I stared at him while the implications of
that question soaked into the corners of my damaged brain. How long
that took, while we locked eyes and assessed each other, I don't
know; accurately measuring time has never been one of my finer
accomplishments. But the details of his perfect face — expensively
styled bronze-toned hair rippling above his ears, brown eyes steady
and suspicious, smooth tan that had nothing to do with working
outside, not a trace of stubble on the square jaw — left an
after-image on my retinas like the strobing emergency lights. How
could he stand being so damned perfect? It didn't matter whether
pounding him would help or not. I went for him instead.
Again hands hauled me back. And suddenly
cousin Patricia was between us, grabbing handfuls of my sport shirt
and shaking me, or at least it. "Charles, for God's sake, what is
wrong
with you?"
I nearly told her, nearly reminded her of my
diagnosis, but couldn't see the point even if I was an Ellandun and
lived for the fight. The gurney and the moment were gone and the
bloody adrenaline finally snapped. I shuddered beneath her clenched
fists as the aftereffects kicked in. From the way her already wide
green eyes were stretching wider, she felt it, too.
"Charles?" This time, her voice was less than
a whisper and it broke in the middle of my name.
If I could have stopped the shaking, to
protect Patty I would have done it. I'd failed her, too, and again
I closed my eyes. Whatever showed in my all-too-transparent face,
she didn't need to see it.
Because I'd tried to tackle a plainclothes
police detective, Boston's finest slung me into the back of a squad
car to cool down, one of an armload of emergency vehicles scattered
about the street. They closed the doors, too, and how the July heat
that rapidly built up inside that car was supposed to help me cool
down, I cannot imagine. The interior stank from the stale fast-food
wrappers littering the floorboards and the stain of something I
didn't want to identify on the part of the seat I avoided.
I'd put up with all of it if I could have
Aunt Edith back. She couldn't possibly be dead.
Outside the patrol car and a few yards away,
Patricia and Brother Perfect chatted like old friends, her eyes
sliding sideways to check on me every minute or so, his never
leaving her damp and smudged face. He'd positioned her so she
couldn't see the blood. Her mousy brown hair strained back in a
knot that looked painted on, but then so did her jeans, and with
her streamlined figure, I'm certain the average male never noticed
the hair. To give him credit, Brother Perfect's gaze didn't drop,
not even to her green cotton camp shirt, halfway unbuttoned from
the bottom and tied in a knot above her belt buckle.

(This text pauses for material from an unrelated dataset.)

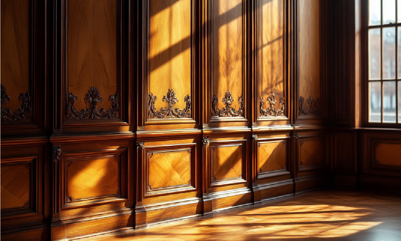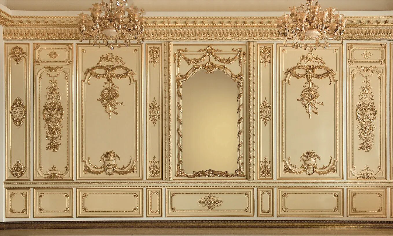 — Эпоха Барокко и Рококо. В дворцах французских королей (например, в Версале) стеновые панели достигли пика изящества. Их делали из редких пород дерева, инкрустировали золотом, серебром, перламутром и черепаховым панцирем (техника Маркетри и Буль). Панели стали частью единого ансамбля с мебелью и интерьером.

Perhaps the
stained handkerchief she used to rearrange the sad remnants of her
makeup put him off.
Finally she walked away, ducked beneath the
yellow crime-scene tape, and waited outside the perimeter, staring
at me in the back of the squad car with her lower lip between her
teeth. Brother Perfect watched her until their eyes met for a brief
glance, and then he turned, opened the squad car door, and slid
into the front passenger seat.
To give him further credit, he didn't bother
scolding me. "You say you have several guns. Tell me about
them."
I rubbed my eyes. "I own an M-16, a Mauser
sniper's rifle—"
"Handguns, Captain. Tell me about your
handguns."
To hell with him. I moved over until I
breathed the outside air. "I have a Colt .45, two old Walther nine
millimeters and two new ones—"
"What's the smallest bore handgun you
own?"
The question threw me until I realized the
holes in Aunt Edith's lungs had been small. "The nine
millimeters."
"No twenty-two?" he asked. "Nothing smaller
than a nine?"
"No," I said.
He stared at me for a long moment. The shakes
had diminished as the adrenaline ebbed away, leaving me taut and
intensely aware, and the skeptical curl of his lip made his opinion
of my veracity perfectly clear. Again my temper began heating —
there was something about him that made that a delightful process —
but I swore this time I'd hang onto my self-control.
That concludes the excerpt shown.